== The data ==

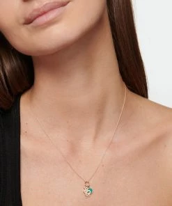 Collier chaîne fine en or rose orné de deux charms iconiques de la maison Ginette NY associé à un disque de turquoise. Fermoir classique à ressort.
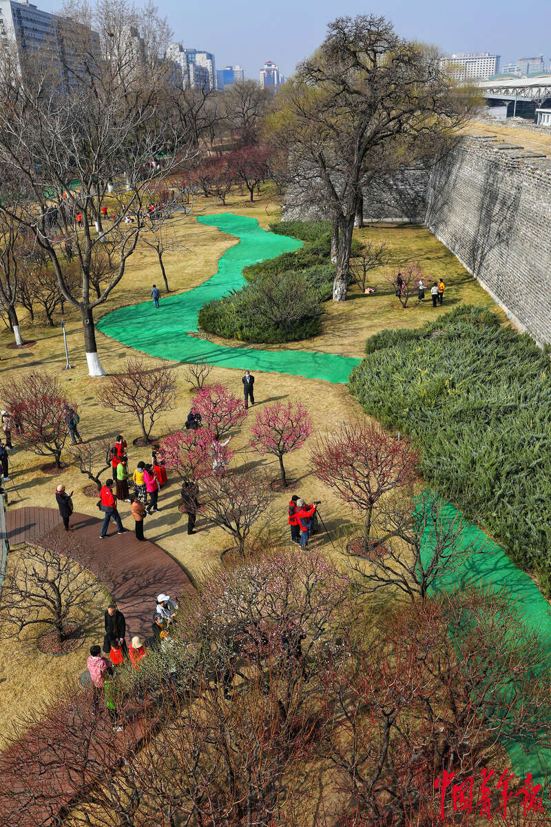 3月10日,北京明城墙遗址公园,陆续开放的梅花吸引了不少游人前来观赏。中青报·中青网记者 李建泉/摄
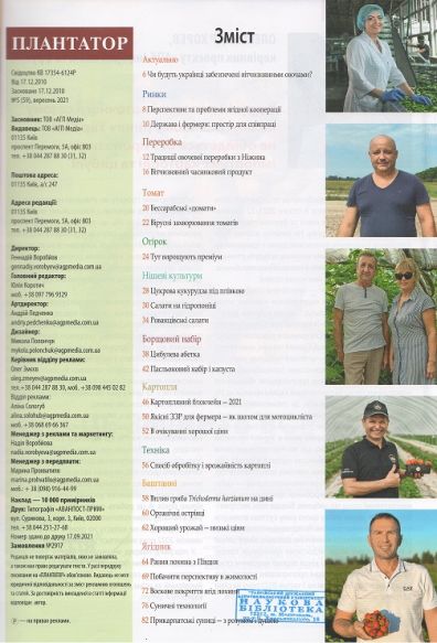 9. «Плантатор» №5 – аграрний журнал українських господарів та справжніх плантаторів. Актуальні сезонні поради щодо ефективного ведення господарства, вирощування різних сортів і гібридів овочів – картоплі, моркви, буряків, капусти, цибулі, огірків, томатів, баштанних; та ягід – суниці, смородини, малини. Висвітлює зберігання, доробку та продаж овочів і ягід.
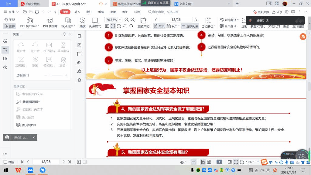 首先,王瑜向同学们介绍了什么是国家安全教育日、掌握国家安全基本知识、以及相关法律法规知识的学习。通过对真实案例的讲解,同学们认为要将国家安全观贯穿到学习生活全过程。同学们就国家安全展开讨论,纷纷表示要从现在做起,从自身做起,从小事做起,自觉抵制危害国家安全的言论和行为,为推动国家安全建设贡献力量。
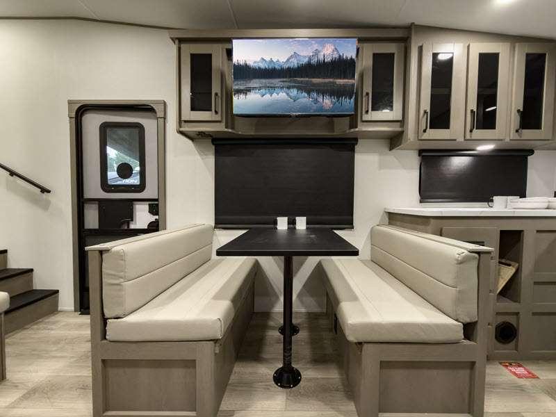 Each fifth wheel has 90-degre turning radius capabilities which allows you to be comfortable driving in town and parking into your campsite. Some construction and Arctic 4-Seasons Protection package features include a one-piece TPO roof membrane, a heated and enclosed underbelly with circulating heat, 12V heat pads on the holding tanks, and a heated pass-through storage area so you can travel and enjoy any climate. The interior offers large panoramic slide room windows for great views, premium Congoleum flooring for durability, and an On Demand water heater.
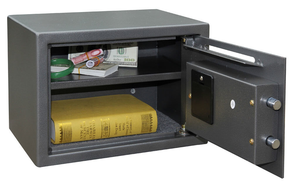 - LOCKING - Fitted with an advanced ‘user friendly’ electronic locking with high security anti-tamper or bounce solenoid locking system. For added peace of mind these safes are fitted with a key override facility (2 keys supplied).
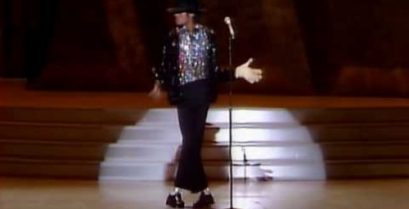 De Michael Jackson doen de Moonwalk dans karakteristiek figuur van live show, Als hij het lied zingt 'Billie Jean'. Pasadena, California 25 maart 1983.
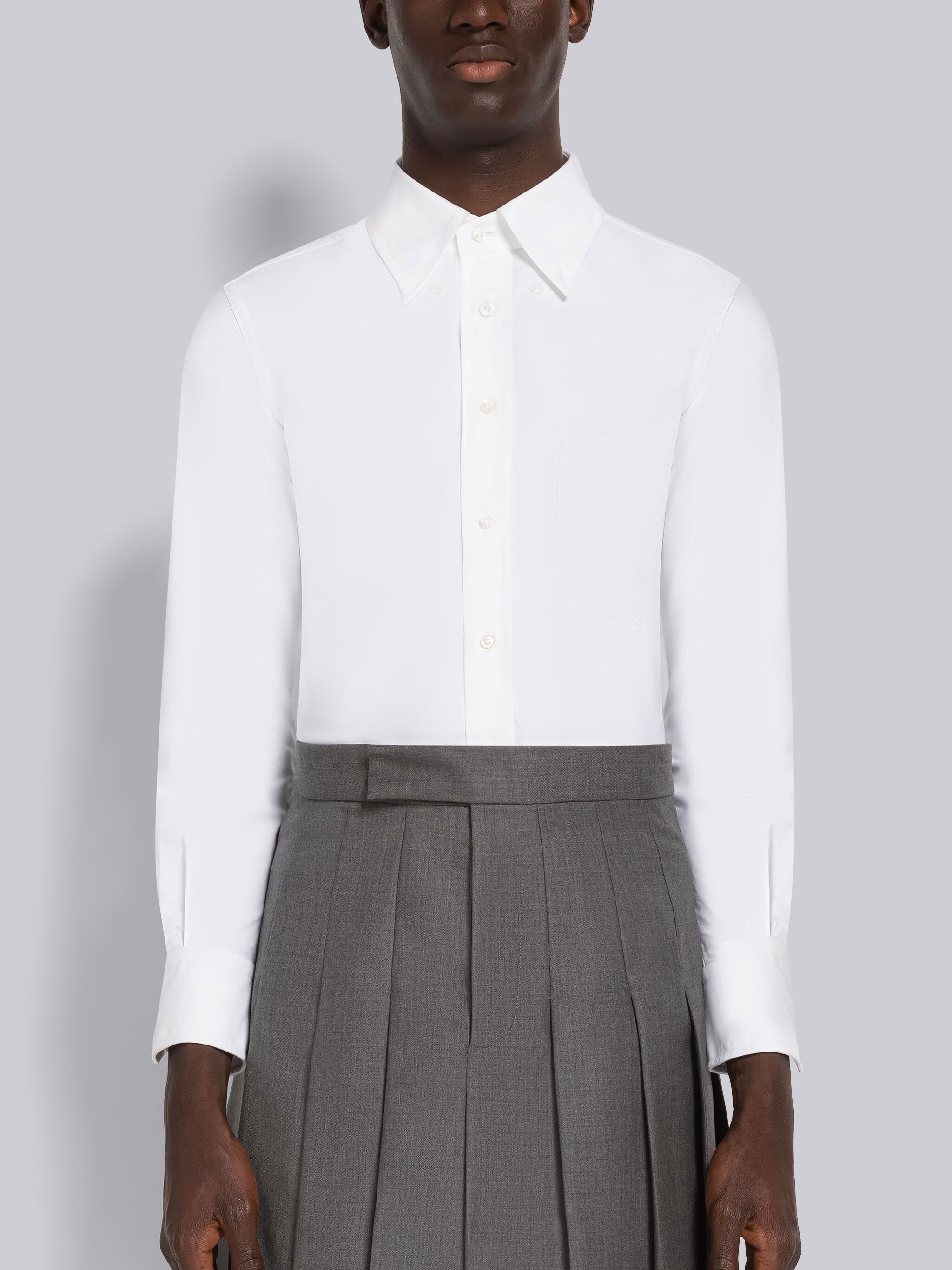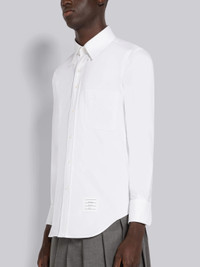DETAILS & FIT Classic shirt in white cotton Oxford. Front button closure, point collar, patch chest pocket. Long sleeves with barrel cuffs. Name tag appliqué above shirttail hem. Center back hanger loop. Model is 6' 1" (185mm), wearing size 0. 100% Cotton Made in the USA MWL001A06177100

===

> [To do]: Beginning with the first line of the material above, please output each line exactly through the line that contains "овочів і ягід.", and only those, leaving out pictures.

> [Completed task]:
 Collier chaîne fine en or rose orné de deux charms iconiques de la maison Ginette NY associé à un disque de turquoise. Fermoir classique à ressort.
 3月10日,北京明城墙遗址公园,陆续开放的梅花吸引了不少游人前来观赏。中青报·中青网记者 李建泉/摄
 9. «Плантатор» №5 – аграрний журнал українських господарів та справжніх плантаторів. Актуальні сезонні поради щодо ефективного ведення господарства, вирощування різних сортів і гібридів овочів – картоплі, моркви, буряків, капусти, цибулі, огірків, томатів, баштанних; та ягід – суниці, смородини, малини. Висвітлює зберігання, доробку та продаж овочів і ягід.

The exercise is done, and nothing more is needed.